The Dwarves in this game are the classic fantasy archetype - short, bearded, live underground, enjoy drinking alcohol. The player, as their leader, is tasked with digging out homes for them and securing food and valuable resources. It's a three-dimensional game due to its underground setting - dwarves will dig up and down, left and right, and forward and backward as assigned. This can be somewhat confusing to the average player, as the game's 3d graphics make it a bit awkward to tell what you're looking at.
The game's basic concept is to accumulate resources by ordering dwarves to dig, farm, harvest, and so on. These resources are used to keep your dwarves happy. Food is fairly direct, but building materials like stone and wood are used to build furniture for the dwarves. The game is mission-based, so in addition to maintaining your dwarves' happiness you must also delve into the earth, combat enemies, and obtain treasure. The game doesn't exactly handle that well, but most of the tasks in it are relatively automated, so it's not that bad.

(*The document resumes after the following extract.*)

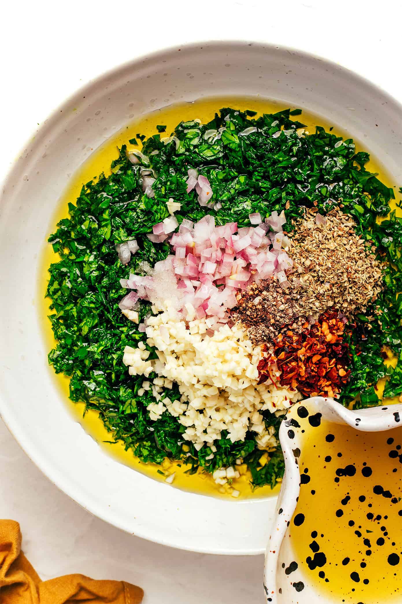 - Fresh parsley: Fresh parsley adds vibrant green color and the bright, grassy flavor that famously defines the Argentine version of this sauce. But other countries often add in fresh cilantro in addition to (or in place of) the parsley, so see the note for that below if interested.
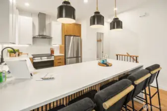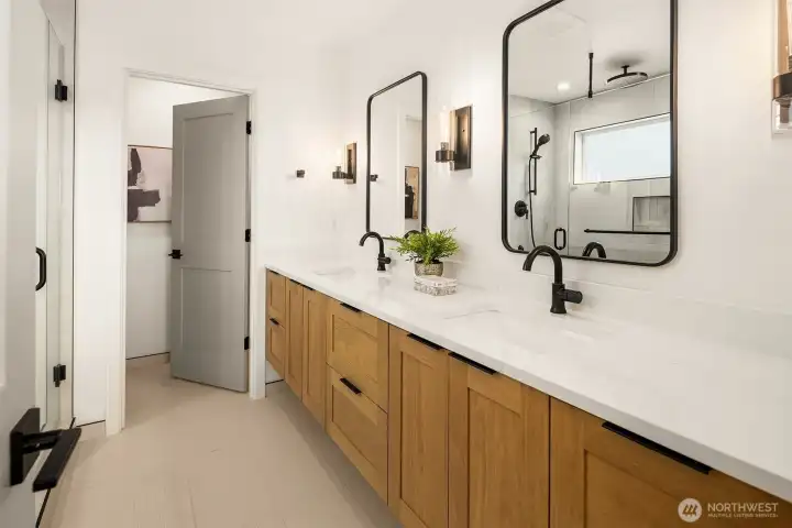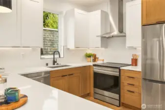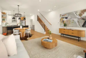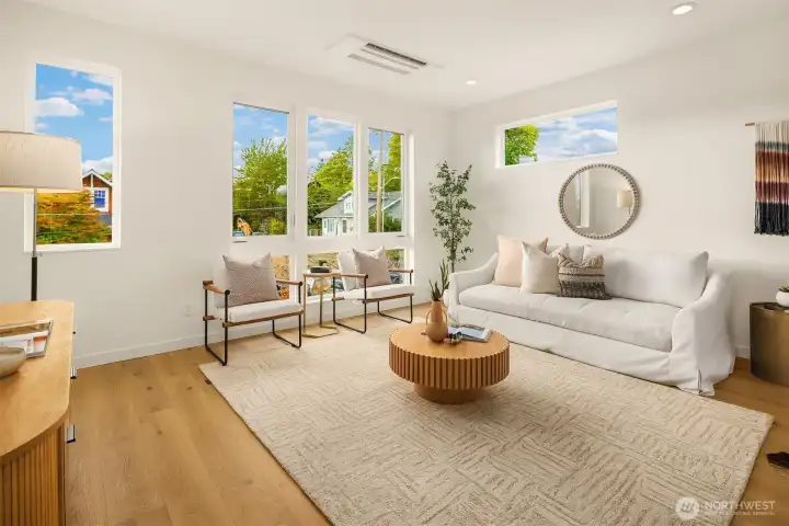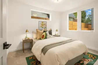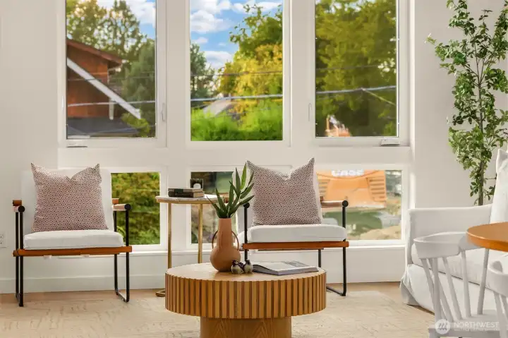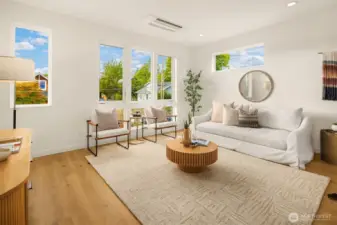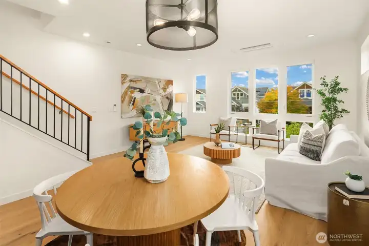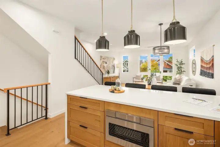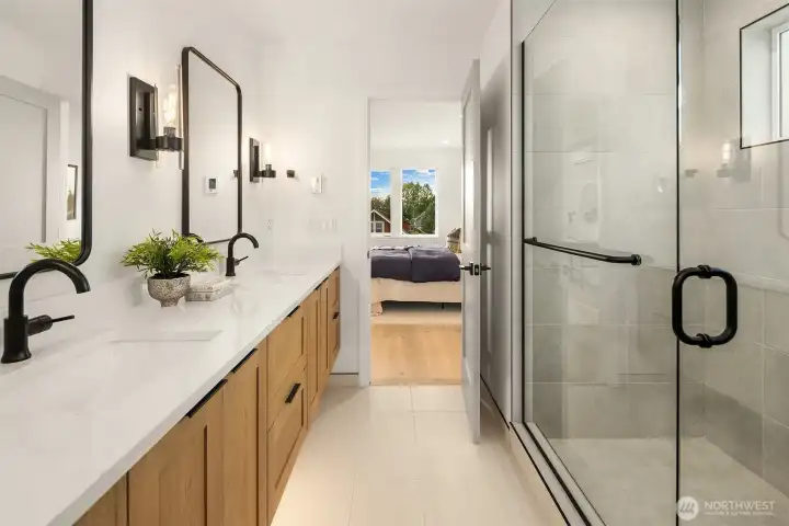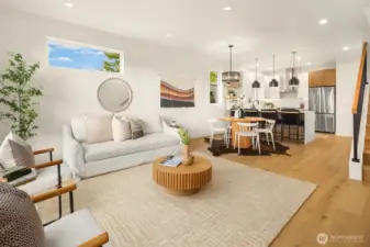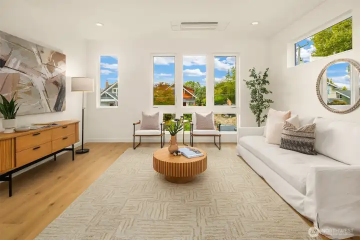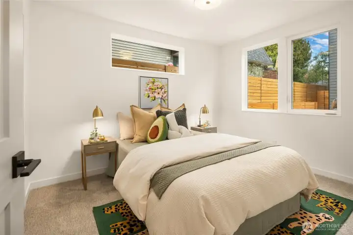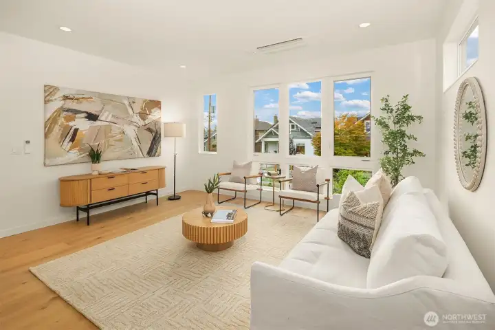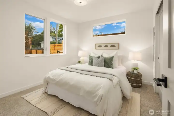 Modern design, thoughtful details, and a coveted Wallingford address—this new construction by Ecoworks Homes showcases quality on every level. A bright, open layout with floor-to-ceiling windows and warm contemporary finishes creates an inviting atmosphere. Chef’s kitchen is appointed w/ stainless appliances, custom cabinetry, and a peninsula island ideal for entertaining. Entry level offers two spacious bedrooms and a full bath, perfect for guests or a home office. Upstairs, retreat to a luxurious primary suite with spa-inspired bath and a generous laundry room. A rooftop deck with mountain and city views! Fully fenced yard with patio + designated EV parking space. All just a short walk to Gas Works Park, restaurants, and local favorites!

The graphics are kind of lackluster. While it's easy to forgive games with low budgets for focusing on ideas rather than polish, the game itself isn't really that great and the visuals are bland rather than charming or quaint. While it's kind of neat to build little dwarf halls, complete with engraved walls and stone floors, it's just not solid enough from an atmospheric perspective to be enjoyable in that way. Audio-wise, there's no voices outside of cutscenes and the music is forgettable.
As a whole the game is so basic that it might be best-suited for mostly younger children to play - the graphics are cartoonish and the gameplay is relatively unthreatening, but there's not a lot of depth to it. In that regard, "A Game of Dwarves" might be worth picking up - especially for the low price of $10. However, for adult players, that same lack of complexity may prove to be a major turnoff.
We purchased this game with our own funds in order to do this review.